[Collected data entries]
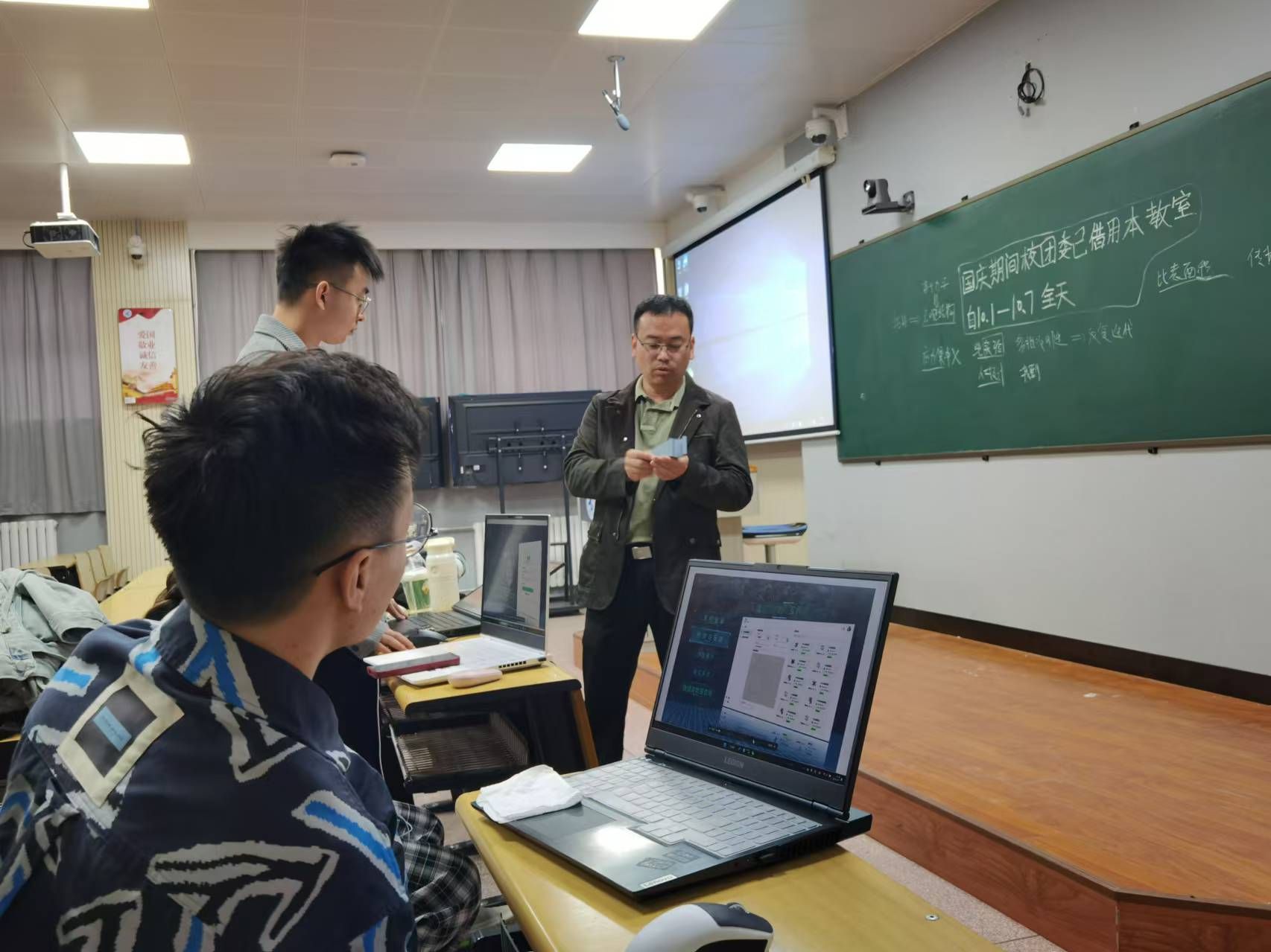 通过国赛网评后,团队成员热情高涨。国庆期间进入冲刺阶段,快节奏的打磨与修改,极大地考验并培养了个人能力与合作精神。团队成员对项目了熟于心,从各个方向优化项目,他们调侃道“少了哪一位成员都不行。”
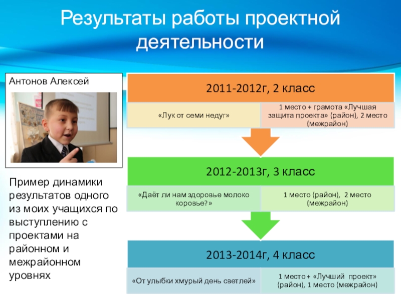 Результаты работы проектной деятельностиПример динамики результатов одного из моих учащихся по выступлению с проектами на районном и
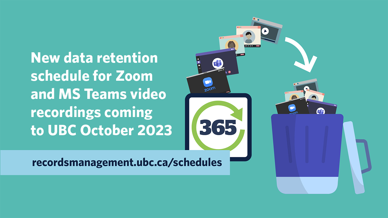 In October 2023, UBC will implement an automated one-year retention policy for video recordings. This data retention schedule will affect all faculty, staff and student employees at both UBC Vancouver and UBC Okanagan campuses. This new policy is issued by UBC’s Records Management Office.
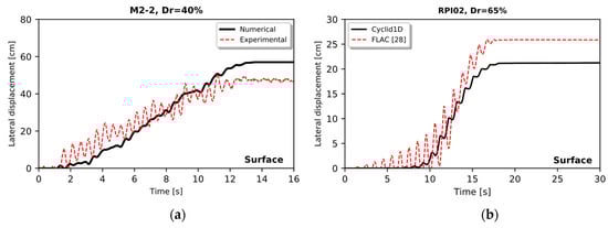 (a) Numerical and experimental lateral displacement at the surface in M2-2, and (b) numerical displacement in RPI-02 with Cyclid1D simulation and Fast Lagrangian Analysis of Continua, FLAC (Ziotopoulou (2018) []).
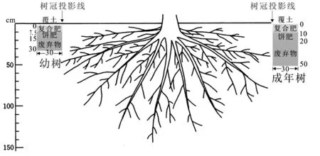 华中农业大学提出“以冬季管理为中心、以提高土壤有机质含量为重点”的田间管理模式和以“地钻分层辅助穴施冬肥”为中心的冬季柿园管理技术[14]。该技术体系集成“抽槽改土+起垄定植”、“宽行密株+树盘覆盖+行间生草”、“Y形整形+简化修剪”、“地钻辅助分层穴施冬肥”(果园生鲜废弃物粉碎后直接还田)、无损生理落果控制,果实留树保脆等环节,省工约50%、省肥约40%。在湖北建始和广西恭城的试验示范结果表明,该技术通过时间差(根系休眠期)和空间差(穴深50cm),可将未腐熟的果园废弃物(修剪后的枝条、落叶和杂草等)粉碎后直接还田(置于底层),并配合施用有机肥(饼肥等,置于中层)和速效氮肥(置于上层,调节碳氮比),施肥量占全年80%左右(图5)。此外,在采果前后施用一次“还阳肥”(礼肥),即可满足树体生长发育和产量品质的基本要求。这种局部施肥方式(成年树每树4穴,深度50cm、直径30cm)不仅节约肥料和劳力,且可抑制根系上浮,显着提升树体生理状态的稳定性和对非生物逆境的抵抗能力。
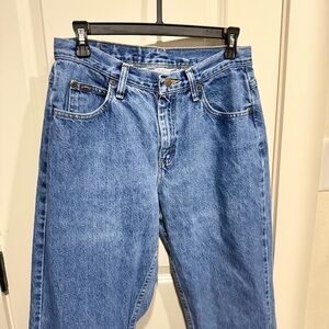 Vintage Riders by Lee Mom Jeans, straight-leg fit, tag says 8 Long, *as pictured there are two spots that are worn on inside of seam, not holes just worn :) and a small bleach spot on back of leg near ankle
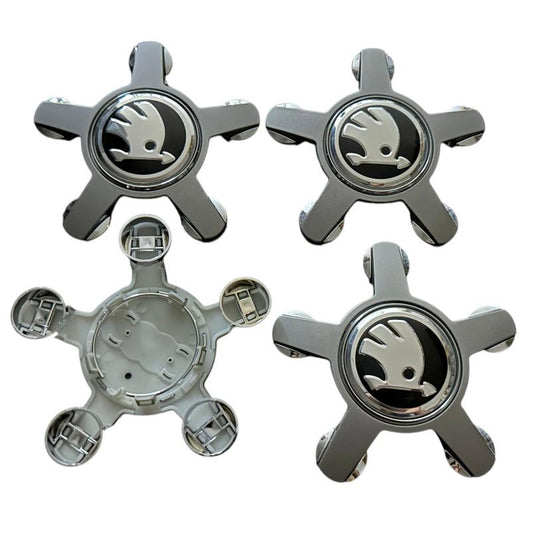 Set 4 Capace Janta Aliaj Skoda 56MM Interior - 65MM Exterior Negru Cu Argintiu
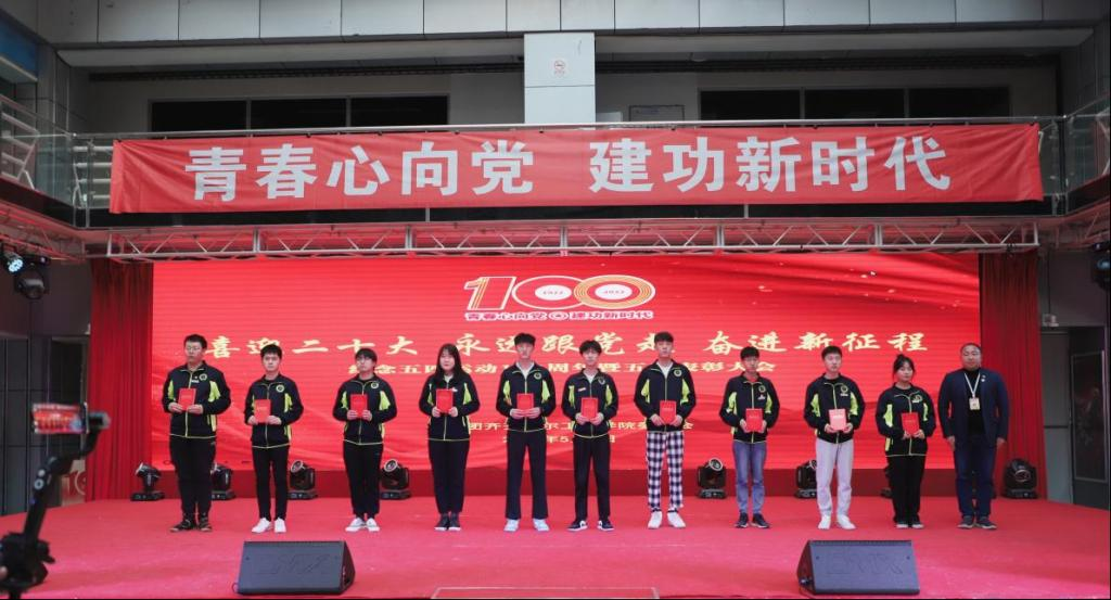 5月4日17时40分,“喜迎二十大,永远跟党走,奋进新征程”纪念五四运动103周年暨五四表彰大会在学生活动中心隆重举行。副院长张振笋,团委书记郭明敬、各系学生工作副主任出席,辅导员代表以及受表彰的学生代表参会。大会采用抖音直播的方式同步进行,全体学生和家长在线收听收看。
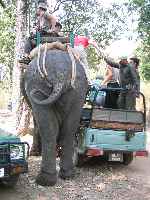 An elephant will collect four people at a time and ferry them in search of the tiger.

### Task description:
Take the lines from the first line of the entries through the line with "(a) Numerical and", inclusive, and give them again exactly, minus any pictures.

### Task solution:
 通过国赛网评后,团队成员热情高涨。国庆期间进入冲刺阶段,快节奏的打磨与修改,极大地考验并培养了个人能力与合作精神。团队成员对项目了熟于心,从各个方向优化项目,他们调侃道“少了哪一位成员都不行。”
 Результаты работы проектной деятельностиПример динамики результатов одного из моих учащихся по выступлению с проектами на районном и
 In October 2023, UBC will implement an automated one-year retention policy for video recordings. This data retention schedule will affect all faculty, staff and student employees at both UBC Vancouver and UBC Okanagan campuses. This new policy is issued by UBC’s Records Management Office.
 (a) Numerical and experimental lateral displacement at the surface in M2-2, and (b) numerical displacement in RPI-02 with Cyclid1D simulation and Fast Lagrangian Analysis of Continua, FLAC (Ziotopoulou (2018) []).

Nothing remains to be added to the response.